In Julia 1.3+, the Artifacts system basically brought the BinaryProvider part into the package manager.
Now the Pkg controls the downloads, stores them in a controlled location to avoid massive duplication, and allows for full compat control.
No more running arbitrary code during installs.

The integration of installing the binaries into Pkg for Julia 1.3 is a major reason why many packages have dropped Julia 1.0 support.
While you can still use BinaryProvider.jl for the download, it is much cleaner and easier to just use Julia 1.3+ and have the Artifact system take care of it.

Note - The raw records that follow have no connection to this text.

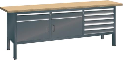 "longDescription": "LISTA Kompaktwerkbank, BxTxH: 2000x700x840mm, Material: Multiplex, 40mm stark, Max. Belastung: 1500kg, Anzahl Schubladen: 7, Anzahl Fronthöhen (Tragkraft): 5x100mm (75kg), 2x150mm (75kg), Schubladen-Nutzfläche BxT: 500x600mm, Fächer mit Türen: 2x350mm, Anzahl Fachböden: 2 (50kg), Schliessart: Key Lock, Standard-Schliessung mit Wechselzylinder inkl. 2 Schlüsseln mit Schlüsselnummer, Farbe Gehäuse: Schwarz NCS S 9000-N, Farbe Schubladen/Türen: Schwarz NCS S 9000-N. Höchste Stabilität: Gehäuse bis 1,5 t belastbar, alle Verbindungen verschweisst. Platzsparende und übersichtliche Lagerung in variablen Unterbauten mit leichtgängigen Schubladen mit 75 kg Tragkraft mit Vollauszug und vielfältigem Einteilungsmaterial. Sichere Verschliessbarkeit mit Schliesssystem Key Lock zur gleichzeitigen Sicherung aller Schubladen und Türen vor ungewolltem Zugriff. Hohe Ausführungsvielfalt dank verschiedener Komponenten, Unterbauten, Materialien und Oberflächen. Höchster Bedienkomfort und Ergonomie durch höhenverstellbare Werkbankfüsse für ergonomisch richtige Arbeitshöhen und Beinfreiheit bei sitzenden Tätigkeiten sowie unser modulares Aufbauten-System. Jederzeit anpassbar an neue Arbeitsumgebungen durch den flexiblen Ein- und Umbau sämtlicher Komponenten im Baukastensystem<br>",
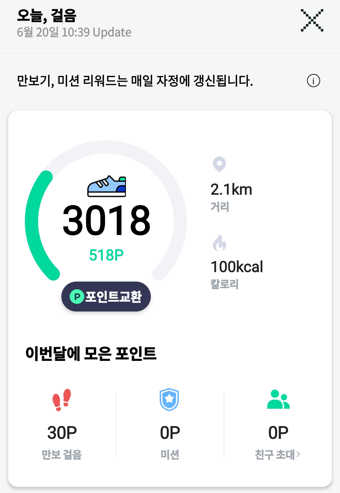 10 걸음 10원, 5천 걸음 10원, 만보 걸으면 20원으로, 총 만보를 걸으면 40원을 받을 수 있고, 주변 장소 가기 등 추가 미션을 완료하면 약 100원 이상을 더 얻을 수 있습니다.
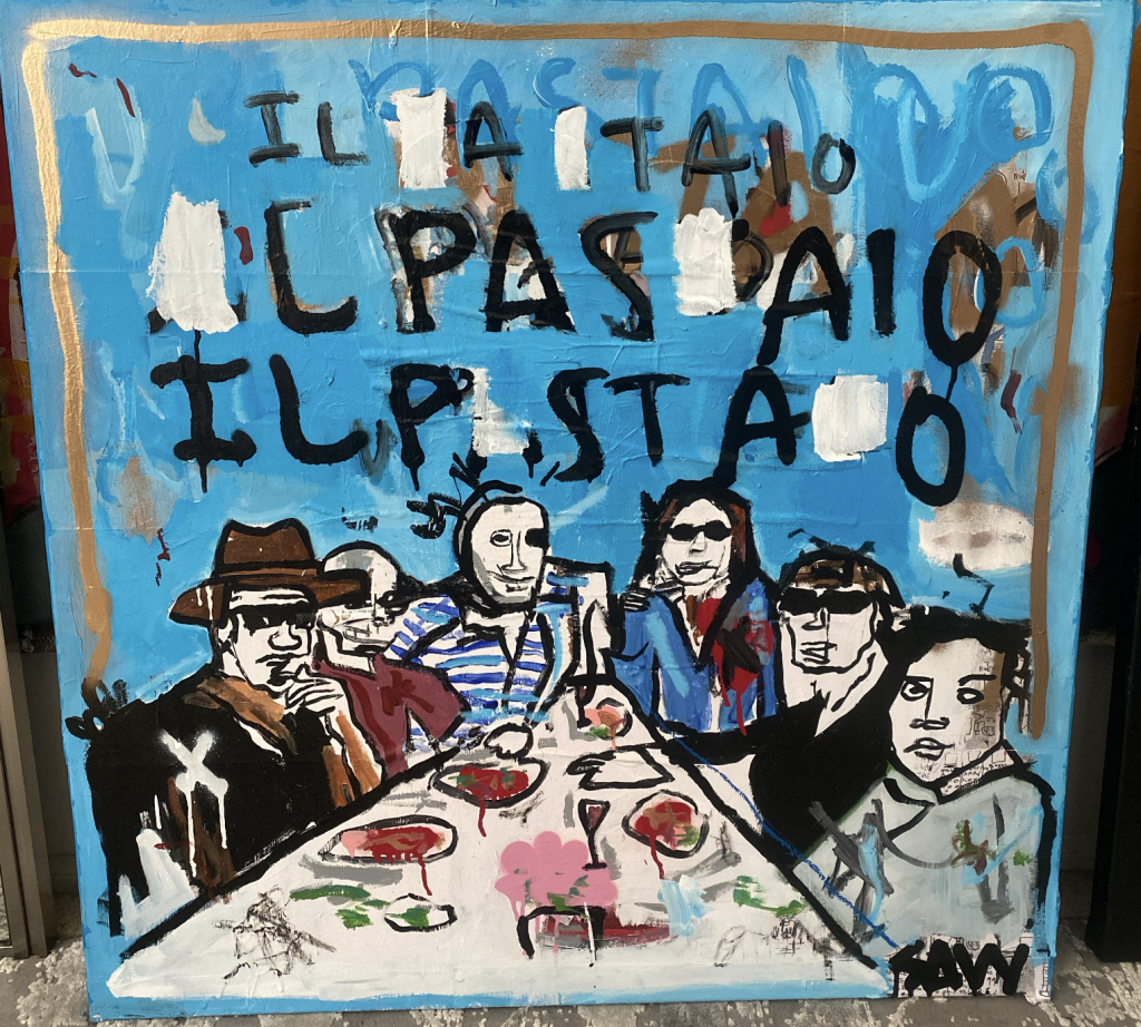 The blue background feels Mediterranean and heavenly—an ode to Il Pastaio, yes-but also symbolic. Blue skies. Blue moods. A little divine loneliness. And the scratched-out text at the top gives it the feeling of being half-remembered, half-erased-just like how fame works: everyone forgets the beginning.
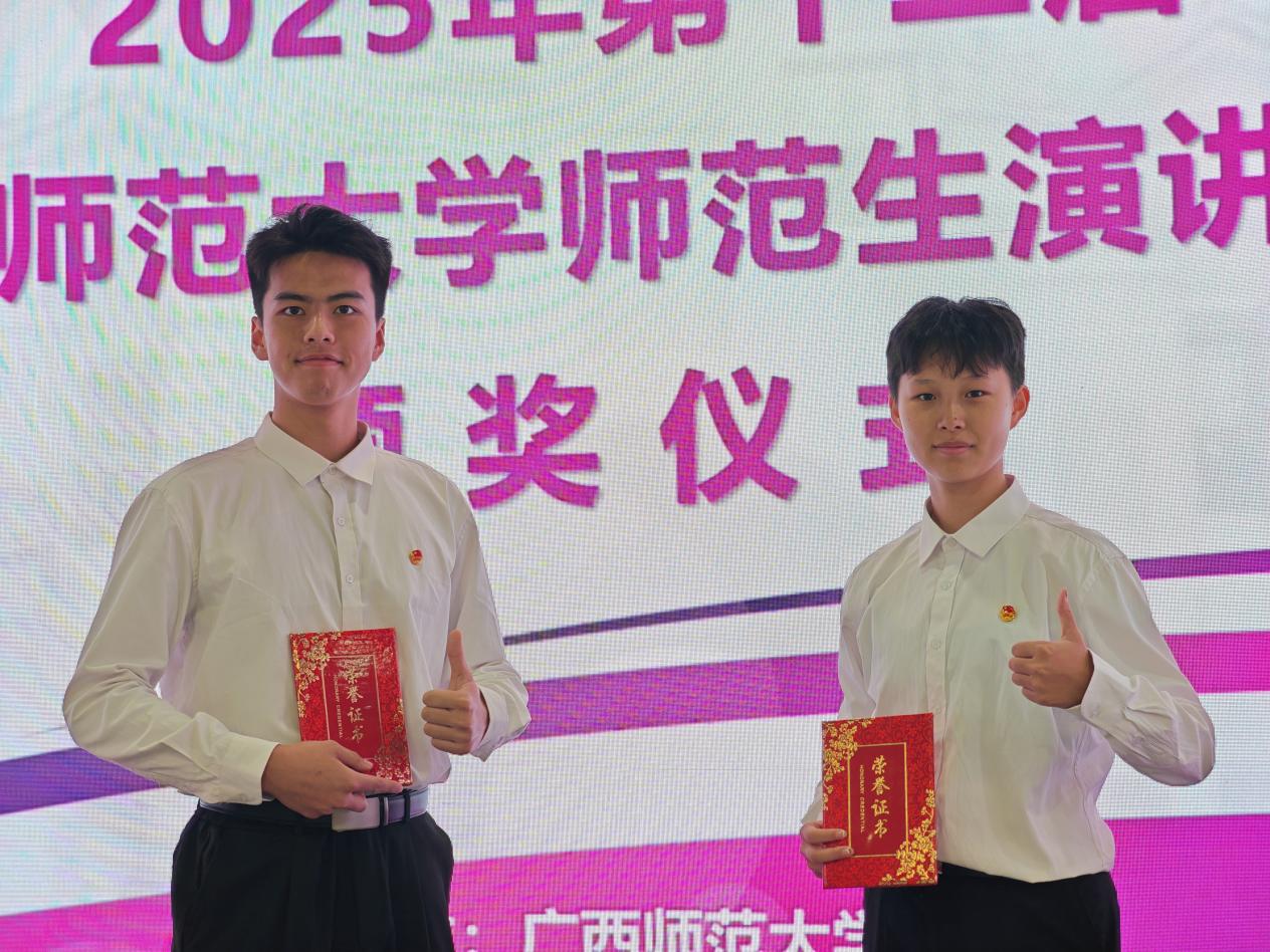 此次成绩是对两位同学的肯定,也是我院师范生培养质量的体现。期待靳璐瑶在区赛中再创佳绩,也希望全体同学以他们为榜样,坚定从教信念,锤炼专业能力,为教育强国贡献青春力量!
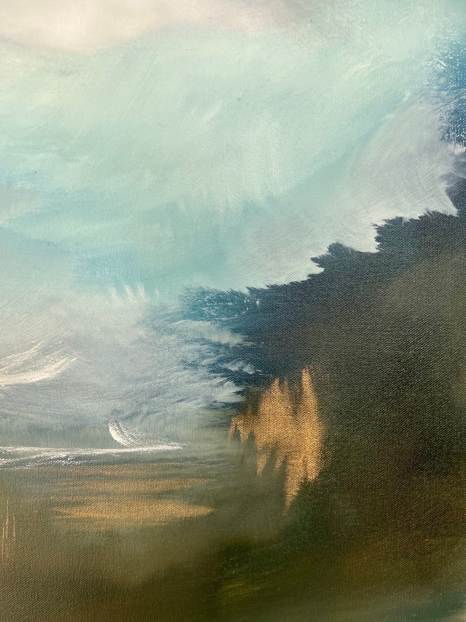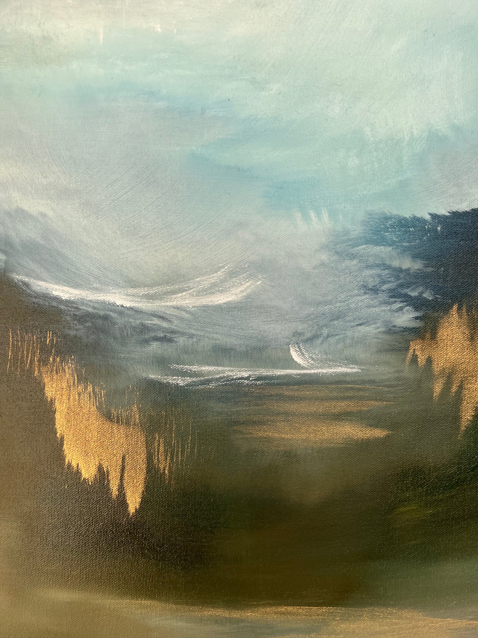 A dreamy place of mystery and coolness where the moon reigns. A perfect blend of cooler colors and golden accents. Enhance your interior with a 50x50cm oil painting on cotton canvas, featuring unique wall art and styling. Created by artist Sarah Campbell-Lloyd.
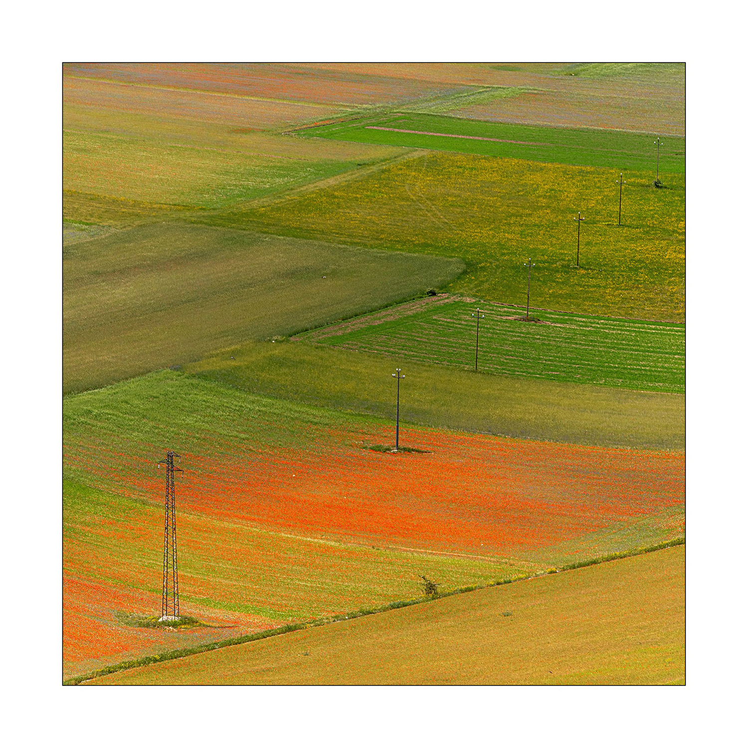 fila di tralicci sulla diagonale e fazzoletti di terra colorata dalla fioritura
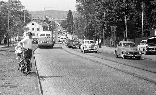 Utställningen "Rila". Bilkörer i Rosenlundsbacken.
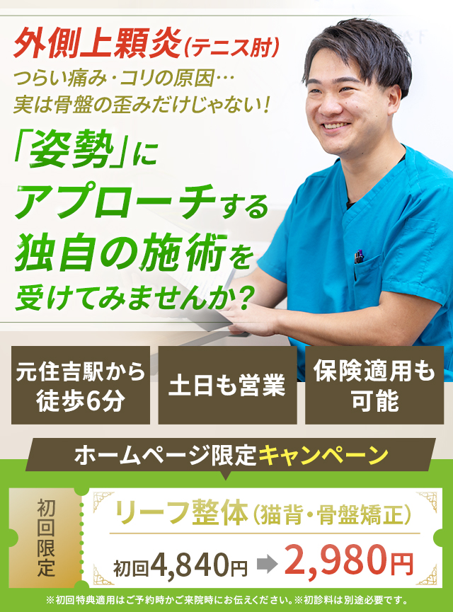 リーフ整骨院 元住吉院のテニス肘に対するアプローチ
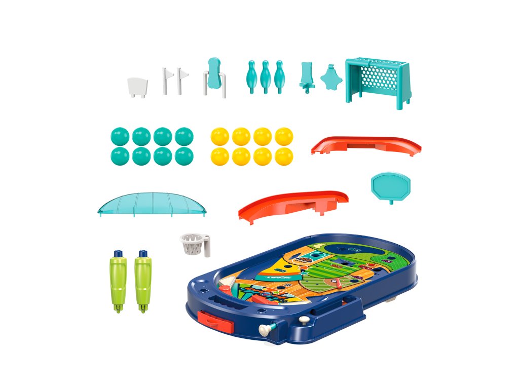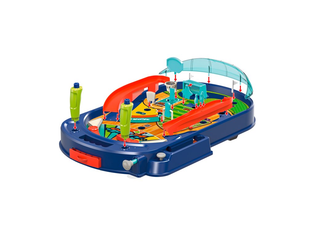 Připravte se ke hře umístěním kuliček do speciálního žlábku. To je první krok k zahájení zábavy! Poté nabijte kuličku do vystřelovače jedním jednoduchým stisknutím tlačítka. Jste už o krok blíže k akci! Abyste vystřelili kuličku, přitáhněte k sobě páku a pusťte ji. Sledujte, jak kulička míří ke gólu! Použijte tlačítka na držadlech pro pohyb páčkami. Vaším cílem je vstřelit kuličku do branky – preciznost a reflexy jsou klíčové!

I feel it is worth mentioning BinaryBuilder here.
While it has existed since before 1.0, it’s really grown.
It’s a super smooth cross-compilation environment, that can be used to build binaries for every platform Julia runs on.
This is an amazing tool, built on containerization.
It’s the kind of build tool one dreamed of having 10 years ago.
It’s far more general than Julia, and I know people have at least experimented with using it with Nim.
I hope more things start using it.

A novel use of this infrastructure is ygg.
ygg is effectively an installer for Yggdrasil hosted binaries that runs outside of julia.
This pretty similar to a simple OS independent package manager (some-what like Conda or HomeBrew).
This is really neat, not simply because it is making use of all the work that went into cross-compiling the universe, but because it’s actually really useful.
ygg installs everything to the normal julia artifact storage location, and doesn’t require any kind of admin privileges.
This is huge for working on systems with restricted privileges, like university PCs.
I used to use junest for this, but it was a bit flaky because it used scary proot hacks.
When it broke, I often resorted to compiling things from source, so I could install them to my home directory.
I have had to bootstrap a lot of things following Linux From Scratch.
ygg leverages the fact that the BinaryBuilder cross-compilation setup has already sorted out how to make portable binaries.

Full Transition off METADATA.jl and REQUIRE files, and onto the General Registry

Even though Julia 1.0 had Pkg3 and was supposed to use registries, for a long time the old Pkg2 METADATA.jl pseudo-registry was used as the canonical source of truth.
Registering new releases was made against that, and then a script synchronized the General registry to match it.
This was to allow time for packages to change over to supporting Julia 1.0, while still also making releases that supported Julia 0.6.
It wasn’t until about a year later that General registry became the one source of truth, and METADATA.jl was retired.

This was kind of sucky, because a lot of the power of Pkg3 was blocked until then.
In particular, since the registries compat was generated from the REQUIRE file, and the REQUIRE files had a kind of gross requirement specification, everyone basically just lower-bounded things, or didn’t bound compat at all.
Which made sense because with the single global environment that Pkg2 had, you basically needed the whole ecosystem to be compatible, so restricting was bad.
But Project.toml has the much better default ^-bounds to accept only non-breaking changes by SemVer.
And with per project environments, things don’t all have to be compatible – just things used in a particular project (rather than every project you might ever do).

Automatic Merging

Initially after the transition, all registry PRs to make a new release needed manual review by one of the very small number of General registry maintainers.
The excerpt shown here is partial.